Figure 1 shows digrammatically the various relationships discussed in the paper. First of all, the nervous system has been considered in its two complementary aspects, as an adaptive network and as a system functionally equivalent in some respects to a computer program. The concept of a computer program can be opened out into the various aspects listed (algorithms, software objects, etc.). These aspects are related to the structure and dynamics of the nervous system (for example, the software objects are dependent upon the structure and its interconnectivities, and the functioning of an algorithm to the dynamics of the structure). On the other hand, the adaptive network aspect of the nervous system reveals itself as modifications of the structure which may be related to hill-climbing.
One section of the diagram is concerned specifically with language. It lists a number of constructs of language, such as the phrase, which may have specific correlates on the computing side, such as specific object-classes. According to this schema, the linguistic capacities of the nervous system arise in a process that involves two steps: implicit in descriptions of language such as those of universal grammar there are certain classes with corresponding algorithms, and these computational constructs are then implemented in the neural hardware.
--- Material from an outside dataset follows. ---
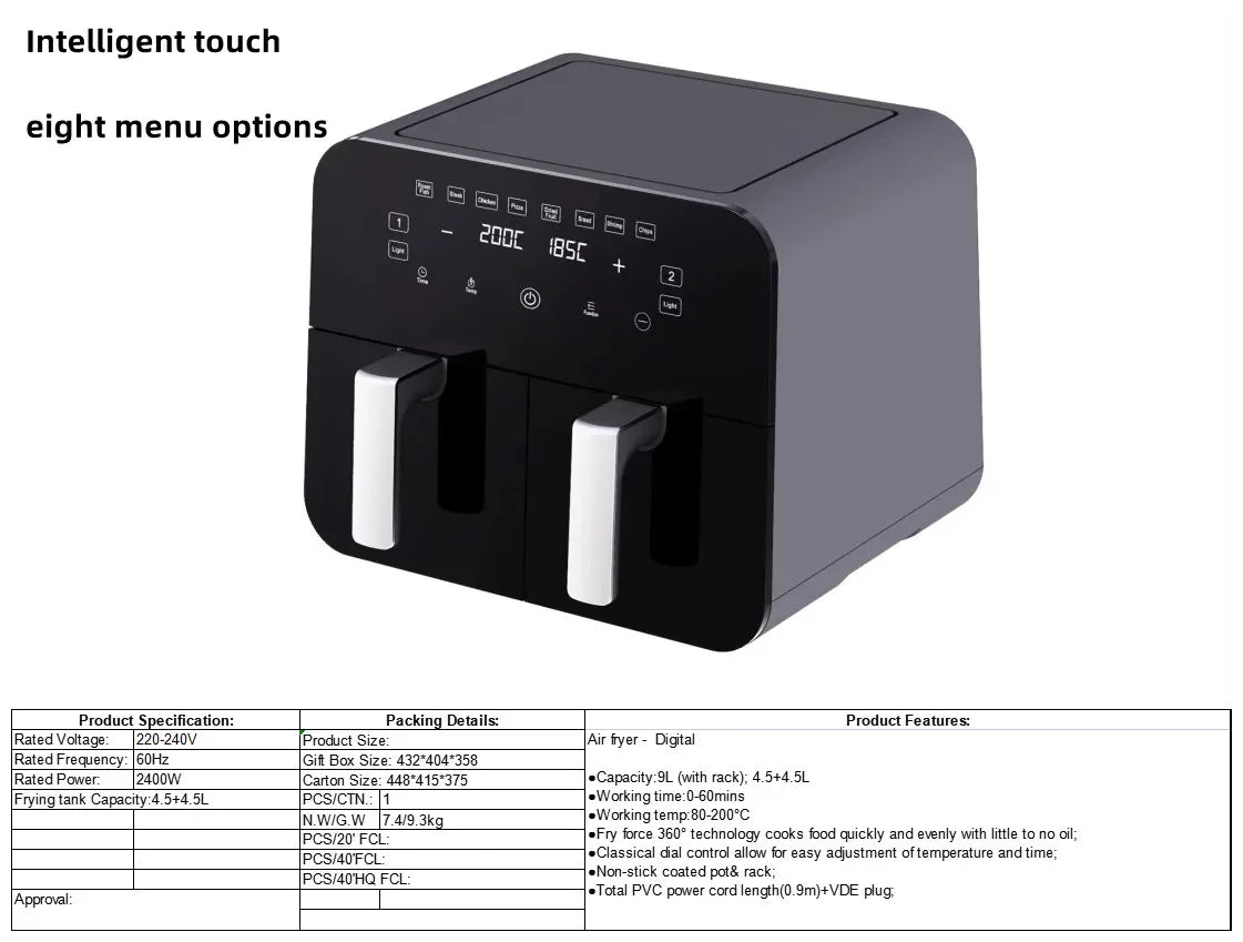 Electrodomésticos De Cocina inteligentes Freidoras De Aire Ninja personalizadas con doble cesta Airfryers 6L 8L Freidora De Aire freidora De Aire doble con cesta doble
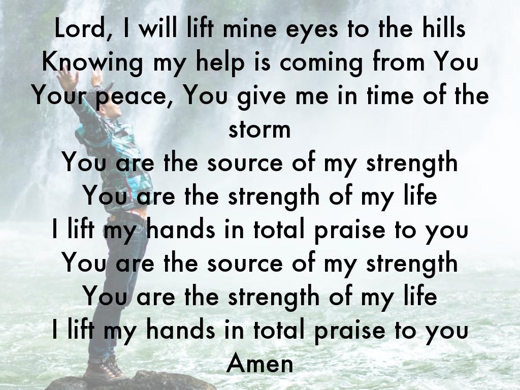 Lord, I will lift mine eyes to the hills Knowing my help is coming from You Your peace, You give me in time of the storm You are the source of my strength You are the strength of my life I lift my hands in total praise to you You are the source of my strength You are the strength of my life I lift my hands in total praise to you Amen

The parameters of universal grammar may enter via a different mechanism, for example as the outcome of a particular tendency of a learning mechanism's activities to continue in a way corresponding to the initial learning.
It has been shown that a dynamical systems approach can integrate the algorithmic and neural network approaches to development, permitting the respective advantages of both schemes to be both retained and integrated. This appears to correspond more closely to the reality than do the anti-nativist ideas popular among neural constructivists. Methodologies deriving from computer science that are likely to have correlates in the design of the nervous system, such as object-oriented programming with its way of handling specific categories of situation and threads, were discussed. It is to be hoped that the generic proposals of the present paper can be confirmed in the future by more detailed specification and model building.
I am grateful to Profs. Nils A. Baas and Michael Conrad for illuminating discussions on the concept of hyperstructure and questions of the flexibility of algorithms respectively.